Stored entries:

※

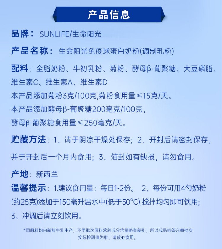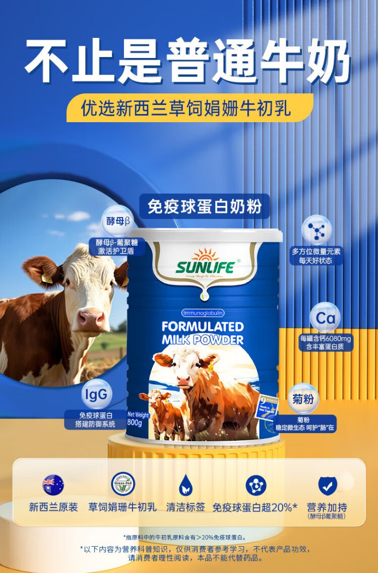 Life Sunshine Immune Globulin Milk Powder Colostrum Powder Children's Middle-aged and Elderly Sub-Health Chemotherapy Glucan Sports Nutrition New Zealand Original Imported Immune Globulin Milk Powder 800g*1 Can
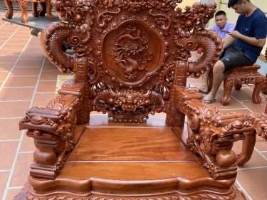 Ghế đơn bộ rồng đỉnh được chạm khắc tinh xảo cả 2 mặt theo tiêu chuẩn cao nhất của hàng xuất khẩu.
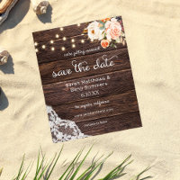 Rustic Wood String Lights Wedding Save the Date Invitation
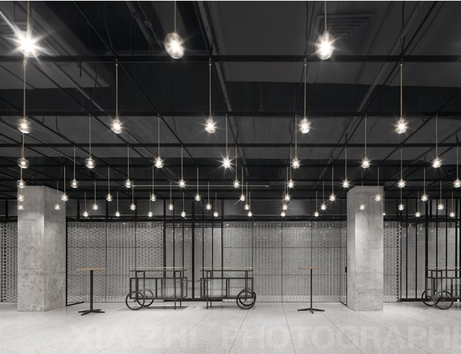 如恩將北京瑜舍酒店內的“北”餐廳重新改造成為一個多功能廳——“北”空間,以應對北京對會議與活動空間日益增長的需求。典型的酒店多功能廳往往比較幽閉昏暗,而“北”空間內有一排天窗。
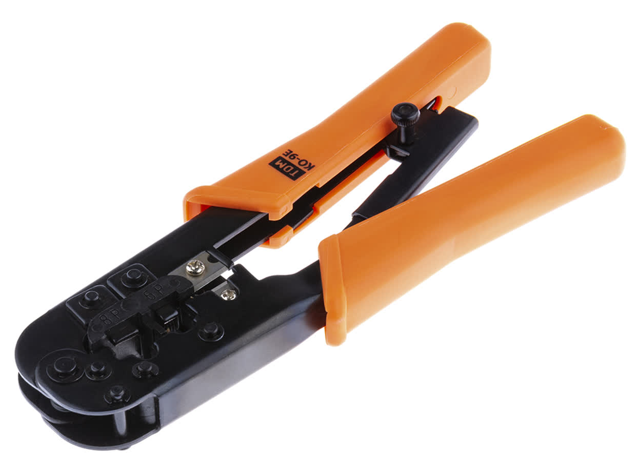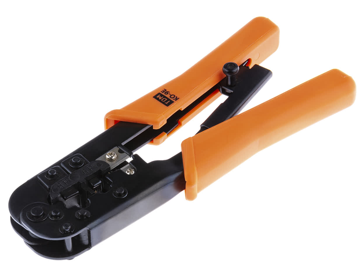 Подготовить кабель к дальнейшему использованию можно с помощью специального инструмента. Сюда в полной мере относятся обжимные клещи TDM Electric КО-9Е. Они применяются для работ по обжимке телефонных кабелей и компьютерных разъемов RJ.
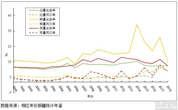 南、北、东疆1998-2018年人口出生率、死亡率变化过程李建新:按照新疆统计年鉴数据,2014年南疆一些地区的出生率陡增,如喀什地区的人口出生率高达65‰以上。正常情况下,这是不可能的。通过进一步了解,原来实际情况是那些年喀什地区存在着较大范围的瞒报漏报,后来“访惠聚”工作组下乡纠偏核查,这一现象才得以遏制,并进行了大规模的补报,而补报的数据都统计在了2014年,于是使得2014年的出生率出现陡增。
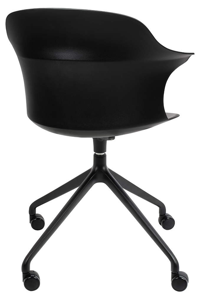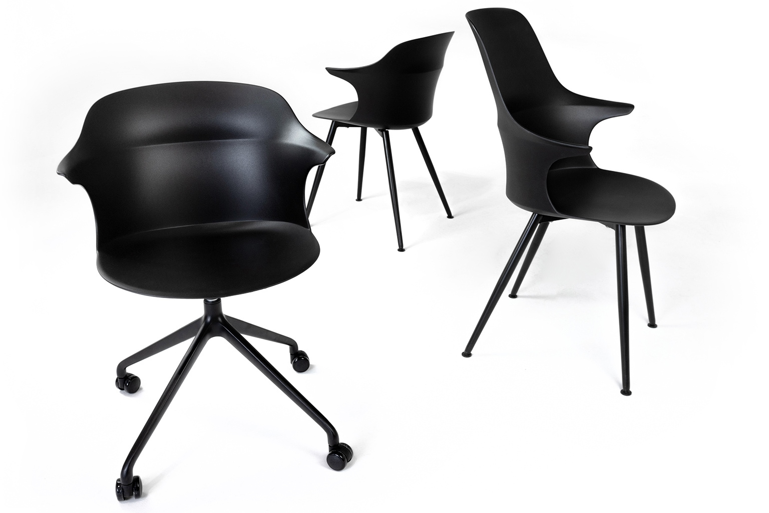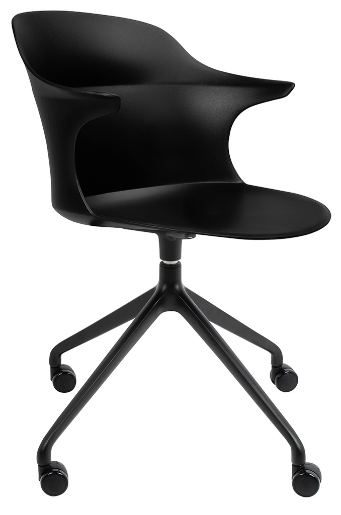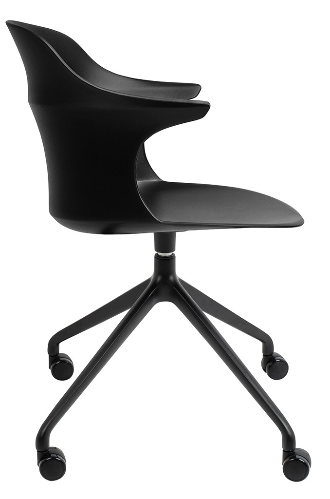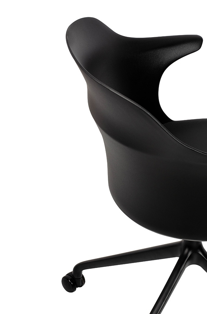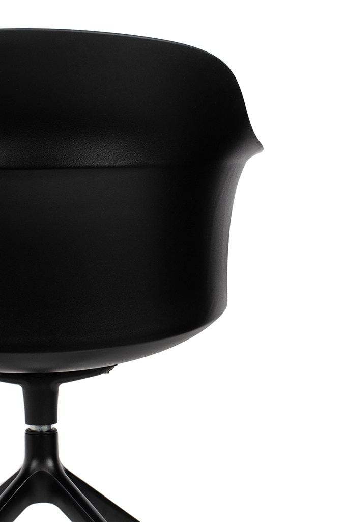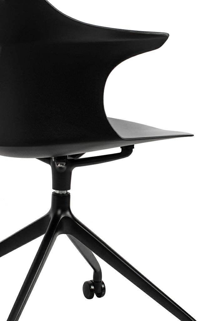 - Krzesło biurowe obrotowe BRAZO to produkt, który swoją nietypową formą z pewnością trafi w niebanalne gusta. Profilowane siedzisko zostało wykonane z wytrzymałego polipropylenu w kolorze czarnym. Nietypowe załamanie na oparciu przy podłokietnikach dodaje
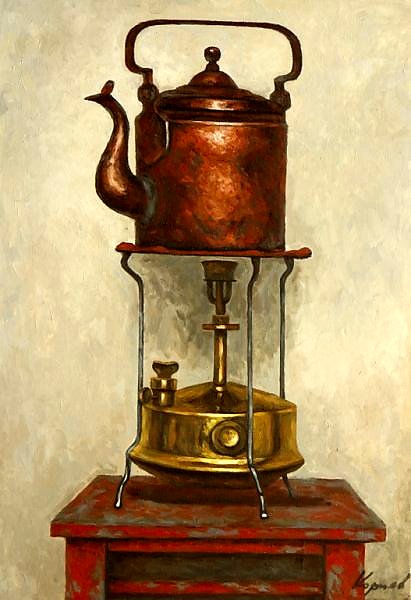 И что нам те дрова у осинок, Где стоят они дружным рядком ? Счастье все - оно есть в керосинке, Та отраду приносит в наш дом. И фасолевых щей приготовит, Как пюре сварит. Чай вскипятит. И старается даже порою Торт испечь. Чтобы был аппетит. А зимою кормила годами Всех в округе голодных котов, Когда дружно ходили кругами В домик наш, где в нем нет холодов. И весь быт от нее живописней, Даже если без листьев наш сад, Когда осенью нити повисли От дождей. Что днем, ночью шумят. Или если морозы, метели С холодами зимой настают, То она своим видом согреет Домик наш. Станет теплым уют. Если ночь. И луна позабыла В небо темное резко попасть. То тогда керосинка уныло Свет пускает. Не дав нам пропасть. Если в гости, бывало, приедут К нам друзья. С любой точки земной. То варенье все рады отведать. Запах - как у сирени весной. Керосинке "Спасибо" все нашей За варенье. Блинов напечет. Вечерами, когда варит кашу Из гречихи, то песни поет. Собирает друзей и соседей За один столик в нашем саду. И сороки спешат пообедать Тут же. Сразу, как в сад к нам придут. Если летом внезапно в массиве Свет отключат. И не скипятить Воду. То керосинка игриво Станет рада всем нам угодить. И водички для кофе согреет, Также чай и капустные щи. Быт всем делает проще, добрее. А как праздник - печет калачи. И довольны кругом от сердечной Керосинки, раз каша теплей. Да и воду для стирки, конечно, Греет. Мир от нее - веселей ! Летом, в осень, порою бывает Наступает завеса дождей. Те намочат дрова. Выручает Керосинка. Без лишних затей Согревает нам кофе отменный. В отсыревшей избе не дает Нам замерзнуть. Ведь быстро, мгновенно Та горячий обед раздает. А история у чудо-плитки Длинных лет пятьдесят пять идет. Мои близкие помнят калитку, Домик, озеро. Сад, что цветет. Месяц май. И трава зеленеет. Утки плавают в озере том. Солнце светит лучами и греет. А к обеду приехали в дом К моим близким родные их вскоре. Где сирень, то на стол там кладут Скатерть белую с пестрым узором. Собрались все к столу тут как тут. И родные на стол положили Пачку чая. Да фрукты, пирог. И воды в чайник сразу налили, А родные идут на порог Дома. Вскоре из сумки достали Керосинку. На столик кладут В доме, возле окна. Увидали Мои близкие чудо-плиту. И на радостях всех скипятили Тут же чайник на чудо-плите. Керосинка тогда угодила Всем в сноровке своей, в быстроте. И служила в ту пору как летом, Так зимой, когда в лютый мороз Придешь с поезда в дом до рассвета, Чтоб никто в момент сей не замерз. Да и печь. Защищала январским Утром. В стужу ли, в холод лихой. Ну а чудо-плита - то по-царски Все готовила суп нам с ухой. А как лето - всегда приезжали Одноклассники близких тогда. И когда на пленер выезжали На день целый. То брали всегда Краски, кисти, палитры, бумагу Чай и пару горячих котлет. Керосинка накормит ватагу Всех друзей. В ужин или в обед. Если серой осенней порою На этюды приедешь, то грусть Чудо-плитка мгновенно накроет. Даже если и дождь. Ну и пусть ! Время быстро и неумолимо Пролетает. А чудо-плита Не раз в жизни людей помирила, Нам знакомых. Везде и всегда. Зазовет и на чай с медом вкусный - Наступает за столиком лад. Варит суп керосинка искусно И любой его потчевать рад. Также варит с ромашкой экстракты, Зверобой и полынь от простуд. Чудо-плитка стараться так рада Проявить мастерство все в быту. Чай с лимоном всегда нагревала, Кипятила отвар и настой. И на дру
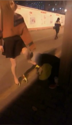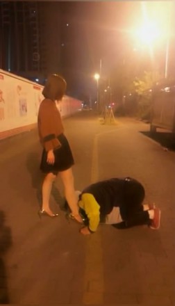 大马路玩狗-跪着让路人看-耳光扇的啪啪响
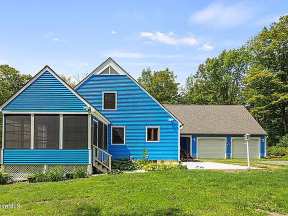 This charming home is set on a peaceful county road surrounded by the natural beauty of the Berkshires. This inviting home features an open-concept layout with a seamless flow between the kitchen, dining, and living areas with a wood-burning fireplace. The first floor also includes a convenient bedroom and full bath. A three-season encllosed porch and a bright four-season sunroom provide additional living space and direct access to the back deck. Upstairs, you'll find three additional bedrooms, a full bath, and a bonus room-ideal for a playroom or workout area. An unfinished room above the garage offers excellent storage or the opportunity to create even more living space. The partially finished lower level offers a family room with a bar area and sink, laundry, and a workshop space. The basement offers direct access to the oversized two-car garage with brand-new doors. Set on just under 5 acres in a quiet country setting, yet just minutes from Berkshire trails. Don't miss the chance of privacy with a home that has room for everyone and everything.

※

- How to complete this task
From the first line of the entries above through the line with "Ghế đơn bộ rồng", set down each line exactly and drop the pictures.

- Exercise result
 Life Sunshine Immune Globulin Milk Powder Colostrum Powder Children's Middle-aged and Elderly Sub-Health Chemotherapy Glucan Sports Nutrition New Zealand Original Imported Immune Globulin Milk Powder 800g*1 Can
 Ghế đơn bộ rồng đỉnh được chạm khắc tinh xảo cả 2 mặt theo tiêu chuẩn cao nhất của hàng xuất khẩu.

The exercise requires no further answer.